Channelpedia

PubMed 24638961


Referenced in: none

Automatically associated channels: HCN1



Title: Hyperpolarization-activated cyclic nucleotide-gated 1 independent grid cell-phase precession in mice.

Authors: Hannah Eggink, Paul Mertens, Eline Storm, Lisa M Giocomo

Journal, date & volume: Hippocampus, 2014 Mar , 24, 249-56

PubMed link: http://www.ncbi.nlm.nih.gov/pubmed/24638961


Abstract
Cell assemblies code information in both the temporal and spatial domain. One tractable example of temporal coding is the phenomenon of phase precession. In medial entorhinal cortex, theta-phase precession is observed in spatially specific grid cells, with grid spike-times shifting to earlier phases of the extracellular theta rhythm as the animal passes through the grid field.
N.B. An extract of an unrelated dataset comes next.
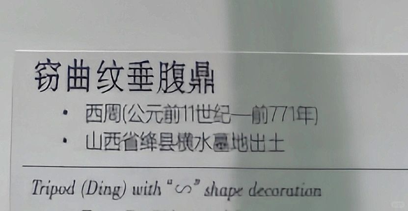 山西博物院 藏品“窃曲纹垂腹鼎”,器身敞口,宽平沿外折,半球形腹,圜底近平,三蹄足。口沿下两侧置对称的长方形附耳。附耳内外侧皆饰重环纹,口沿下饰一周窃曲纹,腹饰波带纹,中间以素面条带间隔。鼎内壁铸有铭文“晋□氏妃作宝鼎,其万年无疆子孙永宝用享”。
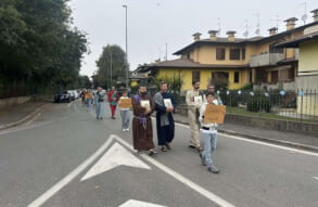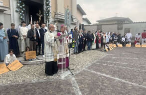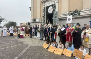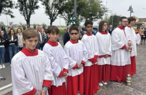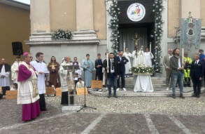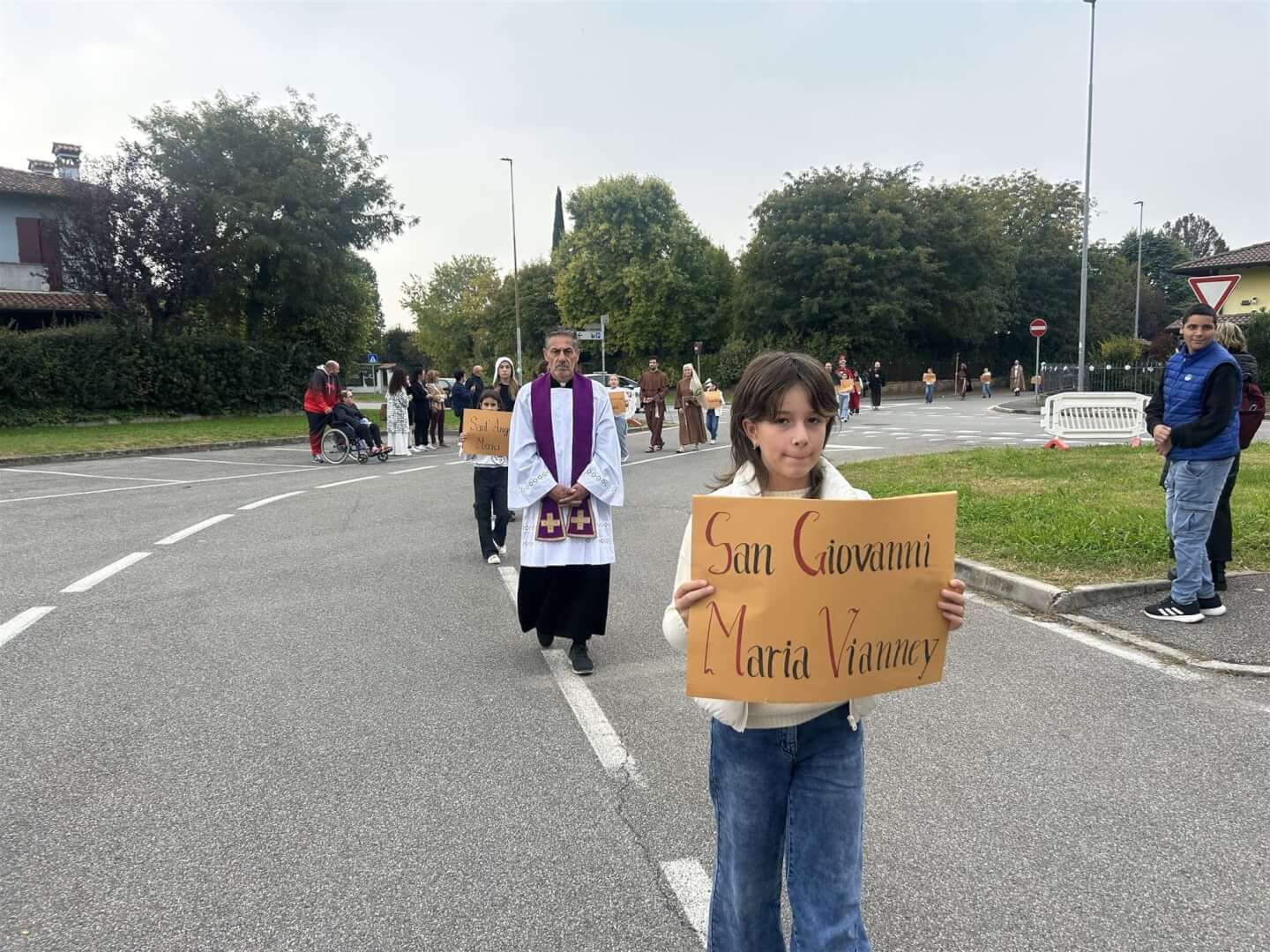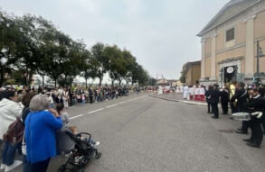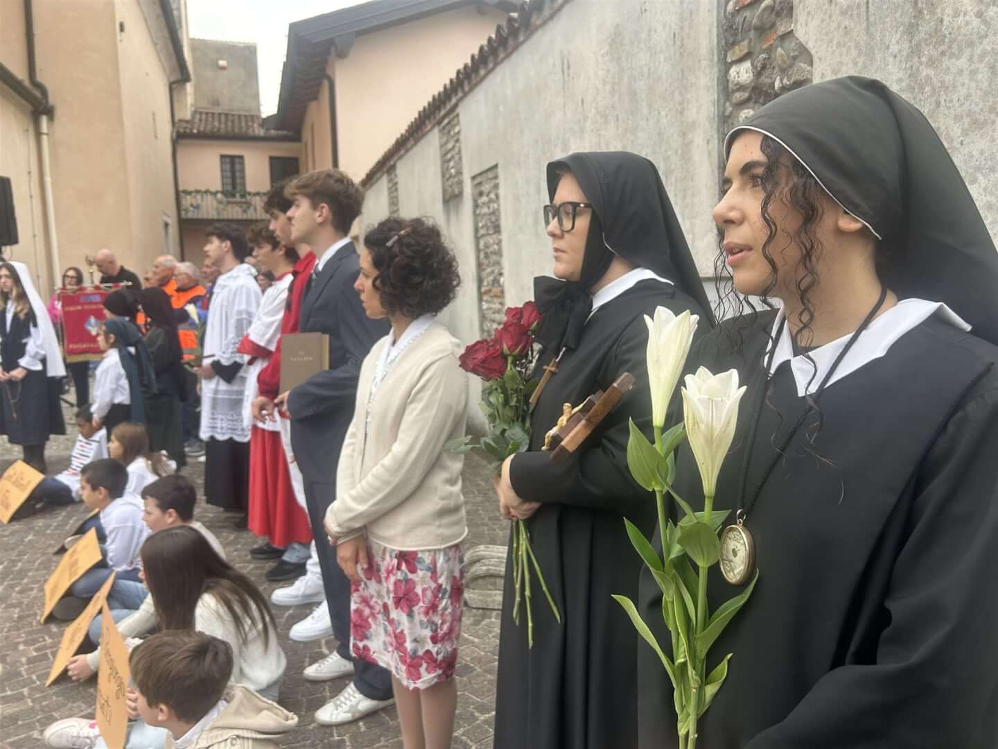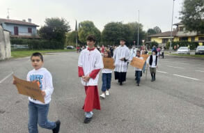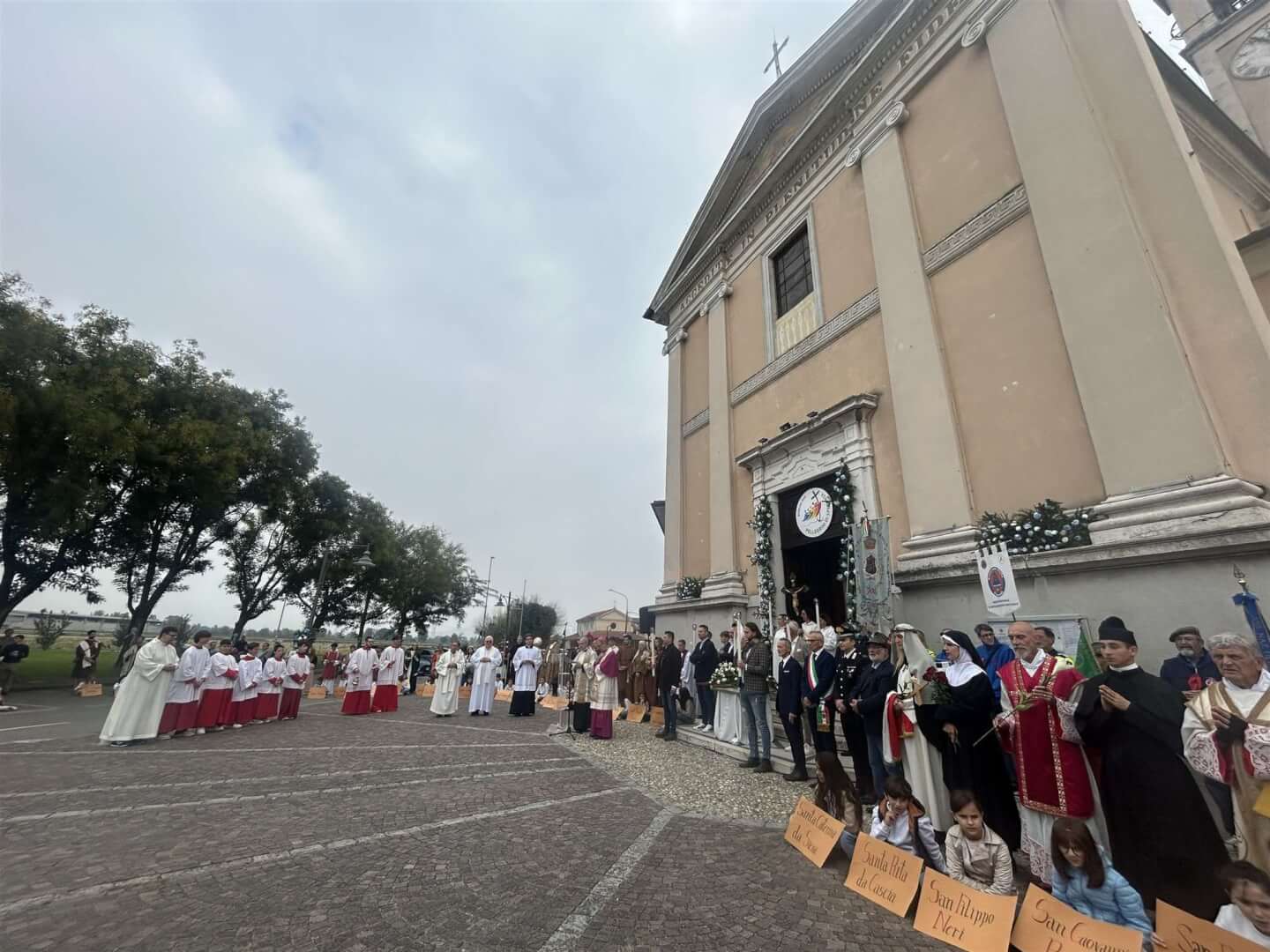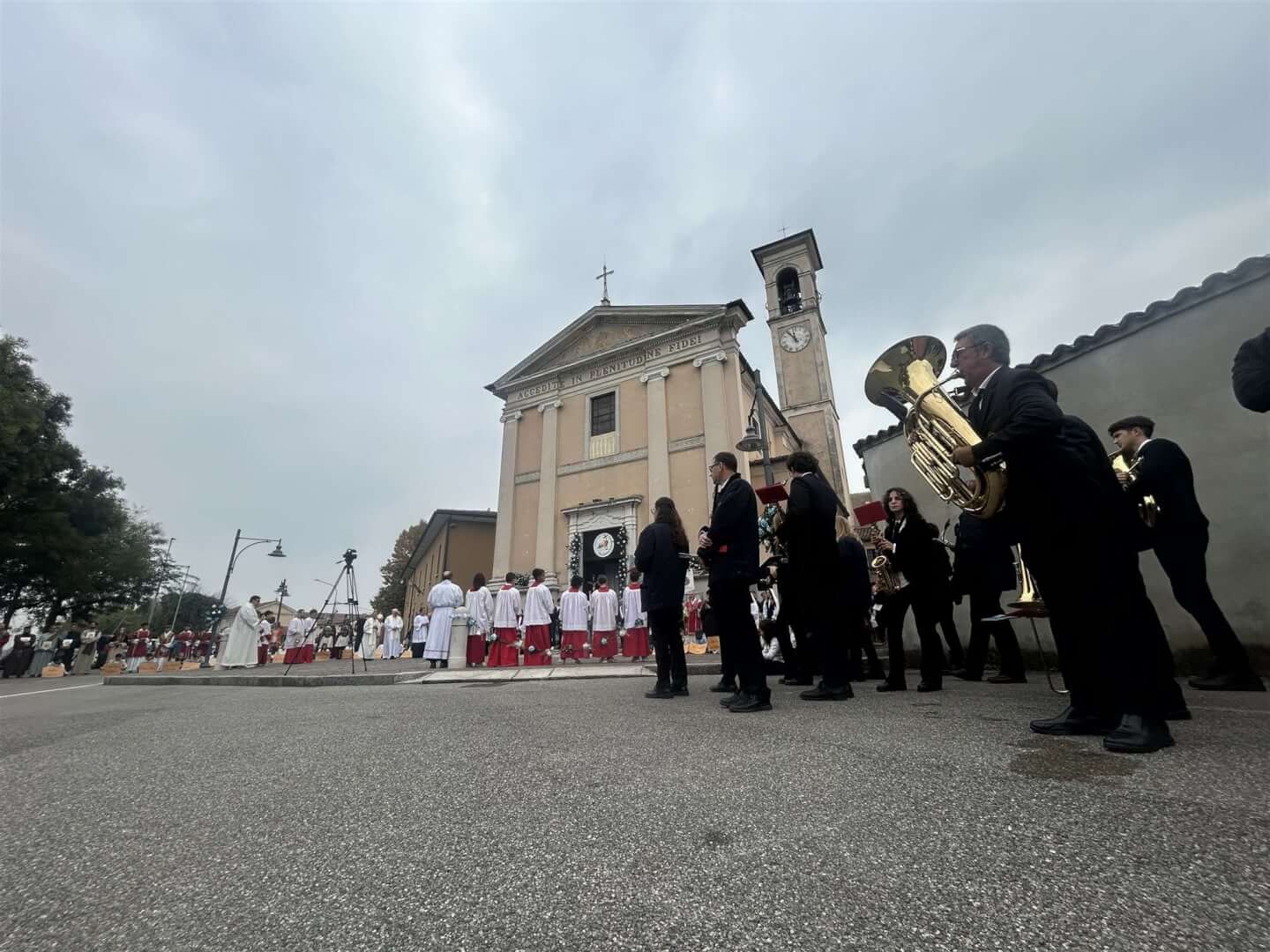 A conclusione delle feste quinquennali, a Borgo e Poncarale, dove in questi giorni è arrivata la statua della Madonna di Fatima, circa 80 figuranti hanno impersonato altrettante figure di Santi in una processione presieduta dal vescovo Pierantonio al termine della Celebrazione Eucaristica.

Although the exact mechanisms underlying spatial-temporal coding remain unknown, computational work points to single-cell oscillatory activity as a biophysical mechanism capable of producing phase precession. Support for this idea comes from observed correlations between single-cell resonance and entorhinal neurons characterized by phase precession. Here, we take advantage of the absence of single-cell theta-frequency resonance in hyperpolarization-activated cyclic nucleotide-gated (HCN) 1 knockout (KO) mice to examine the relationship between intrinsic rhythmicity and phase precession. We find phase precession is highly comparable between forebrain-restricted HCN1 KO and wild-type mice. Grid fields in HCN1 KO mice display more experience-dependent asymmetry however, consistent with reports of enhanced long-term potentiation in the absence of HCN1 and raising the possibility that the loss of HCN1 improves temporal coding via the rate-phase transformation. Combined, our results clarify the role of HCN1 channels in temporal coding and constrain the number of possible mechanisms generating phase precession. © 2013 Wiley Periodicals, Inc.